With so many environmental groups in bed with the major polluters, how can prospective donors determine which groups truly merit support?

Matthew Lipschik

Brooklyn, NY

Apr 20 2010 - 8:33pm

Mobilize

I would like to echo Professor Brulle's commendation of Hari's article and also suggest a few modifications of his excellent overview of the current state of professionalized "environmental" organizations in the United States and what we must do to mobilize for scientifically sound and equitable climate policy.

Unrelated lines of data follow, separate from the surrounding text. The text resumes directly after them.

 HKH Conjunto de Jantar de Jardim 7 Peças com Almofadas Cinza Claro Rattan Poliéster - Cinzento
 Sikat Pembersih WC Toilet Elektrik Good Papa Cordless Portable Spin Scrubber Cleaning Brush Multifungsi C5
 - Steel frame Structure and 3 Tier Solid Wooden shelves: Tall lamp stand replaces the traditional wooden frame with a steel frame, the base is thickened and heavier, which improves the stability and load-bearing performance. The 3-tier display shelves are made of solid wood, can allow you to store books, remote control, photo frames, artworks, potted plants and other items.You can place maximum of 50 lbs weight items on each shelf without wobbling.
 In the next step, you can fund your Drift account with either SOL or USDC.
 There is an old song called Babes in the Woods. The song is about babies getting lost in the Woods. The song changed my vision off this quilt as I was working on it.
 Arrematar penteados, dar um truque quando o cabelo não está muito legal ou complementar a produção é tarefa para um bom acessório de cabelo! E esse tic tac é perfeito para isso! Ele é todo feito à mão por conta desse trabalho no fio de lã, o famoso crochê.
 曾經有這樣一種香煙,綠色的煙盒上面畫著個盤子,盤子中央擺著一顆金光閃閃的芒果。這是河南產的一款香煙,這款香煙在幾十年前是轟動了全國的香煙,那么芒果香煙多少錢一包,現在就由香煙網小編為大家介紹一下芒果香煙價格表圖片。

First, even groups that Professor Brulle would seem to approve of--RAN and Greenpeace--have been supporting "politically realistic" as opposed to grassroots and scientifically necessary policies and practices. Witness their support for the Forest Stewardship Council, a disastrous industry/environmental movement partnership that allows industrial logging of old growth forests under the guise of market incentives for "well-managed" forests (see FSC Watch); also consider the consideration to hire Tzeporah Berman as the climate policy director--above and despite the desires of and without consultation with the many grassroots environmental organizations in Canada whose advocacy has been excluded and sidelined by Berman's corporate-friendly model of secret deal-making (see "Stop Tzeporah Berman").

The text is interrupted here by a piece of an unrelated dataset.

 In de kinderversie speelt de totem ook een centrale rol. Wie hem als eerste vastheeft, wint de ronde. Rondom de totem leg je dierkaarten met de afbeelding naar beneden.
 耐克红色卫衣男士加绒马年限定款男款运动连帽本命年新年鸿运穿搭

Second, one need only look at the role of the Natural Resources Defense Council, the Nature Conservancy and the World Resources Institute as founding members of the United States Climate Action Partnership to recognize that more will need to be done for us to "help the general public to connect the dots between personal, local concerns and the dramatic, global threats." These corporate environmental organizations (with many conflicts of interests on their polluter-friendly boards of directors) worked shoulder to shoulder with the worst polluters (hydrocarbon industry, nuclear corporations pushing a nuclear renaissance and banks investing in the carbon-trading sham) in drafting a blueprint for what would have been a catastrophic piece of legislation (the Waxman-Markey bill).

See for yourself. Here are the members of USCAP.

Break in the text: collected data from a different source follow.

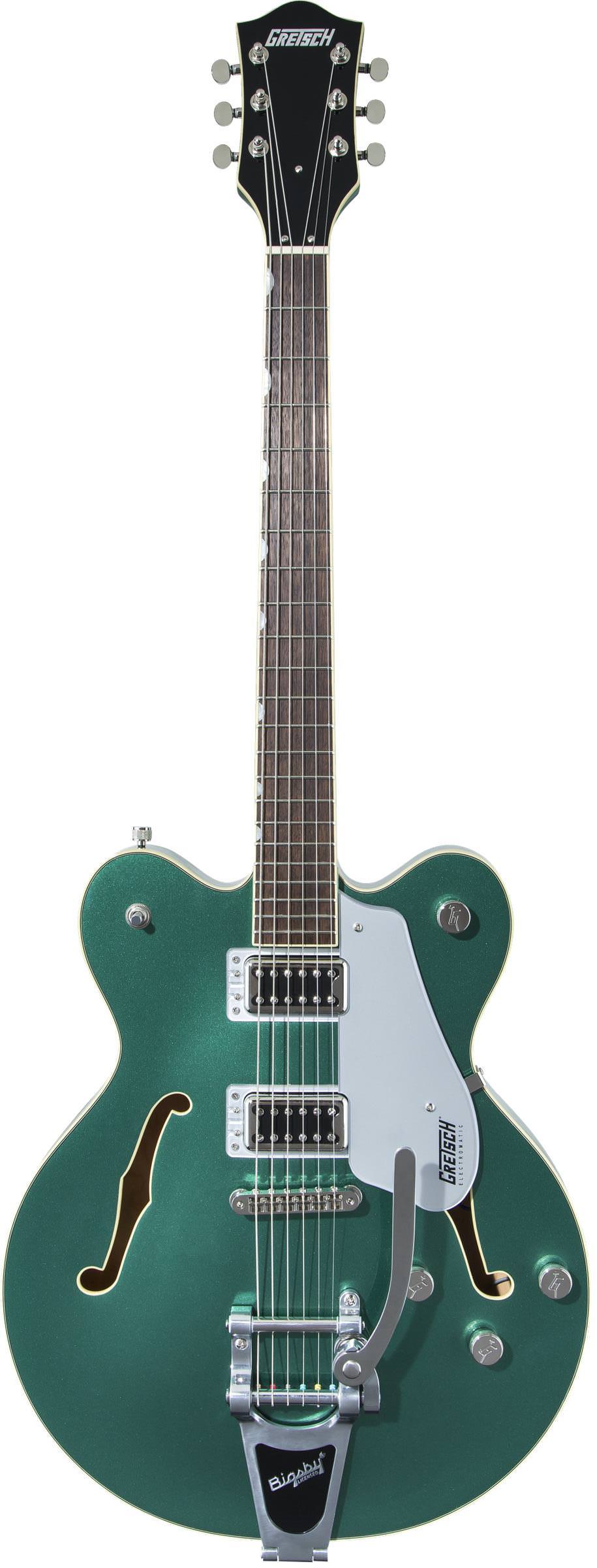 GRETSCH GUITARS G5622T EMTC CB DC GRG - электрогитара с полым корпусом из линейки Electromatic® Center Block. Это классическая модель Gretsch с узнаваемым звуком и традиционным дизайном. Звучание инструмента – мощное, динамичное, очень чистое, с великолепной артикуляцией. Гитара заключена в корпус с двумя вырезами, выполненный из ламинированного клена. Конструкция корпуса с центральным ребром из еловой древесины, укрепляющим верхнюю деку гитары и позволяющим избежать нежелательной обратной связи при игре на высокой громкости, а также отверстия формы «f» в верхней деке обеспечивают прекрасный резонанс. Гриф – кленовый, с глянцевой уретановой отделкой, накладкой из лавра. Мензура – 625 мм (24.6 дюйма). На грифе 22 лада Medium Jumbo с оригинальной перламутровой инкрустацией «Thumbnail» по краю. Звукосниматели – два хамбакера собственной разработки Blacktop™ Broad’Tron™. Переключатель – 3-позиционный. В дополнение к регуляторам тембра и общего уровня громкости предусмотрены отдельные регуляторы громкости для каждого из звукоснимателей. Бридж Anchored Adjusto-matic™ обеспечивает стабильность строя, а тремоло Bigsby® B70 даёт широкие возможности для экспрессивной игры. Модель представлена в зеленом цвете с черной головой грифа, регуляторами формы G-Arrow, никелированной фурнитурой.
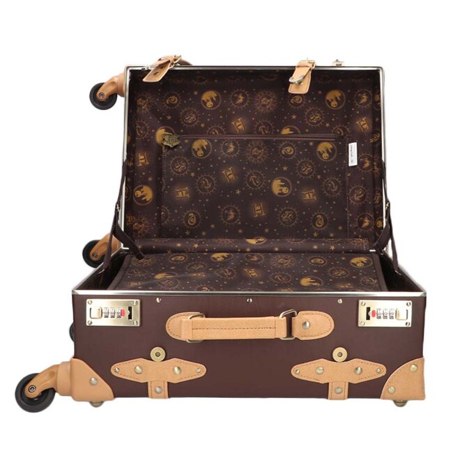 先行受注予約を受け付けていたトランクキャリーケースを、店頭とオンラインショップにて12月中旬より順次販売を開始いたします。ホグワーツ魔法魔術学校に通う生徒がホグワーツ特急で移動する際に使用するトランクをイメージしたキャリーケースは、表面は高級感のある合成皮革を使用し、ホグワーツのエンブレムが大きくプリントされています。内生地は、コンパクトボストンバッグとマルチポーチセットと同柄のテキスタイルを使用しています。機内持ち込み可能な2泊3日の旅行に最適なサイズで、ダイヤルロック錠付きのため旅行中も便利に使用できます。
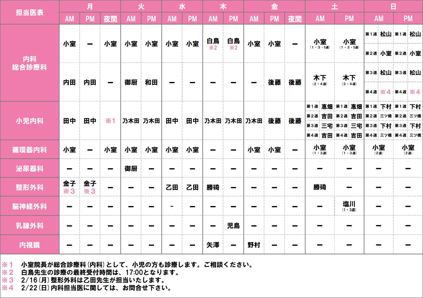 2026年2月の担当医のお知らせになります。
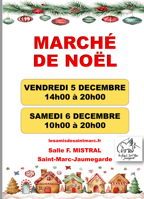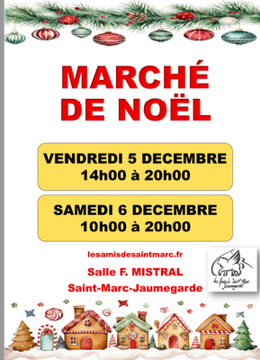 Les amis de saint-marc ne dérogent pas à la tradition et vous proposent le marché de noël le vendredi 5 décembre l'après midi à partir de 14h et toute la journée du samedi 6 décembre, de 10h à 20h.

These large "environmental" membership outfits who have lobbied (and continue to do so) for US climate legislation with unsound targets and timetables for reductions of atmospheric GHG, continued use of coal for the foreseeable future and new nuclear plants have combined budgets that allow them to drown out the voice of science, the environment and grassroots groups pushing for what is needed. The USCAP is pushing for 450-550 ppm, when the science tells us that 350 ppm is the outer limit at which the climate might be stabilized; they declare the coal should be part of the US energy mix for the foreseeable future; and they are pushing pie-in-the-sky nuclear technology that would take decades to implement.

Environmentalists can't allow these organizations' self-serving misrepresentation of the environment, combined with the fear and urgency that many of us feel about the future of our planet, to trump science and ethics by promoting false solutions in US climate policy.

The website of the Mobilization for Climate Justice has a useful page exposing many of the conflicts of the Board of Directors of just one of these organizations: the Natural Resources Defense Council.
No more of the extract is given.